EXTRACTED INFORMATION:

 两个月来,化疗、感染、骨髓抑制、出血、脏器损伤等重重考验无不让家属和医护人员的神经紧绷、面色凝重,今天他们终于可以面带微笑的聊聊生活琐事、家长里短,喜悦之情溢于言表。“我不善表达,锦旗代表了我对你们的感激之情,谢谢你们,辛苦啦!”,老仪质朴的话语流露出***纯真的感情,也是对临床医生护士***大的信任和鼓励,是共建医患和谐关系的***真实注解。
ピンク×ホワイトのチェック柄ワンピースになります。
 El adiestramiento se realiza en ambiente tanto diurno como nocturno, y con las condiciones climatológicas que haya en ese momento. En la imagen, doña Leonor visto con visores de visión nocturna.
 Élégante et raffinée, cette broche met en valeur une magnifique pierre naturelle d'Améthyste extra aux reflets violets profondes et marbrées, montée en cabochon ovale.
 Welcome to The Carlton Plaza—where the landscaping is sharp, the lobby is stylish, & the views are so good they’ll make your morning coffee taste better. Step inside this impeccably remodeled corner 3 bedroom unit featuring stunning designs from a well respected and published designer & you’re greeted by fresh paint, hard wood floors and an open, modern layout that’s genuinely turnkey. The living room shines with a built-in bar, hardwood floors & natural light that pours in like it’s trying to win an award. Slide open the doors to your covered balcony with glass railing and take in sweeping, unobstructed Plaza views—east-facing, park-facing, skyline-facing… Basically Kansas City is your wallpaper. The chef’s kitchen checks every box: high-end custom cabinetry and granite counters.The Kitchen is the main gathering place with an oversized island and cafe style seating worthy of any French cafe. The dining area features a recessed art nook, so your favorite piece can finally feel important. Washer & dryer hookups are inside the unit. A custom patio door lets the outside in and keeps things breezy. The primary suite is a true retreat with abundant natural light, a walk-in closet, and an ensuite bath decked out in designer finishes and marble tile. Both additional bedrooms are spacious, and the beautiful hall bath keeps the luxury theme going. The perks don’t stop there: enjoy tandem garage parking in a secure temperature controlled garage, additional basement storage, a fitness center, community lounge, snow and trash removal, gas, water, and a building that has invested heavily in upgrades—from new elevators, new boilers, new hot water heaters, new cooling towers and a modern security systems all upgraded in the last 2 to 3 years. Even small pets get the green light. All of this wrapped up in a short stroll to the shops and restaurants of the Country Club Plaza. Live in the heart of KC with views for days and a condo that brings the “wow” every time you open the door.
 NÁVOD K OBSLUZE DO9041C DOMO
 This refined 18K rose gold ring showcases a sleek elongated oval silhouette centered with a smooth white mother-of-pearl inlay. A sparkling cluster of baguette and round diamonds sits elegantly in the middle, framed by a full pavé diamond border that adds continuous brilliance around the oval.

EXERCISE:
Your task is to copy every entry above, exactly as written.

ANSWER SECTION:
 两个月来,化疗、感染、骨髓抑制、出血、脏器损伤等重重考验无不让家属和医护人员的神经紧绷、面色凝重,今天他们终于可以面带微笑的聊聊生活琐事、家长里短,喜悦之情溢于言表。“我不善表达,锦旗代表了我对你们的感激之情,谢谢你们,辛苦啦!”,老仪质朴的话语流露出***纯真的感情,也是对临床医生护士***大的信任和鼓励,是共建医患和谐关系的***真实注解。
ピンク×ホワイトのチェック柄ワンピースになります。
 El adiestramiento se realiza en ambiente tanto diurno como nocturno, y con las condiciones climatológicas que haya en ese momento. En la imagen, doña Leonor visto con visores de visión nocturna.
 Élégante et raffinée, cette broche met en valeur une magnifique pierre naturelle d'Améthyste extra aux reflets violets profondes et marbrées, montée en cabochon ovale.
 Welcome to The Carlton Plaza—where the landscaping is sharp, the lobby is stylish, & the views are so good they’ll make your morning coffee taste better. Step inside this impeccably remodeled corner 3 bedroom unit featuring stunning designs from a well respected and published designer & you’re greeted by fresh paint, hard wood floors and an open, modern layout that’s genuinely turnkey. The living room shines with a built-in bar, hardwood floors & natural light that pours in like it’s trying to win an award. Slide open the doors to your covered balcony with glass railing and take in sweeping, unobstructed Plaza views—east-facing, park-facing, skyline-facing… Basically Kansas City is your wallpaper. The chef’s kitchen checks every box: high-end custom cabinetry and granite counters.The Kitchen is the main gathering place with an oversized island and cafe style seating worthy of any French cafe. The dining area features a recessed art nook, so your favorite piece can finally feel important. Washer & dryer hookups are inside the unit. A custom patio door lets the outside in and keeps things breezy. The primary suite is a true retreat with abundant natural light, a walk-in closet, and an ensuite bath decked out in designer finishes and marble tile. Both additional bedrooms are spacious, and the beautiful hall bath keeps the luxury theme going. The perks don’t stop there: enjoy tandem garage parking in a secure temperature controlled garage, additional basement storage, a fitness center, community lounge, snow and trash removal, gas, water, and a building that has invested heavily in upgrades—from new elevators, new boilers, new hot water heaters, new cooling towers and a modern security systems all upgraded in the last 2 to 3 years. Even small pets get the green light. All of this wrapped up in a short stroll to the shops and restaurants of the Country Club Plaza. Live in the heart of KC with views for days and a condo that brings the “wow” every time you open the door.
 NÁVOD K OBSLUZE DO9041C DOMO
 This refined 18K rose gold ring showcases a sleek elongated oval silhouette centered with a smooth white mother-of-pearl inlay. A sparkling cluster of baguette and round diamonds sits elegantly in the middle, framed by a full pavé diamond border that adds continuous brilliance around the oval.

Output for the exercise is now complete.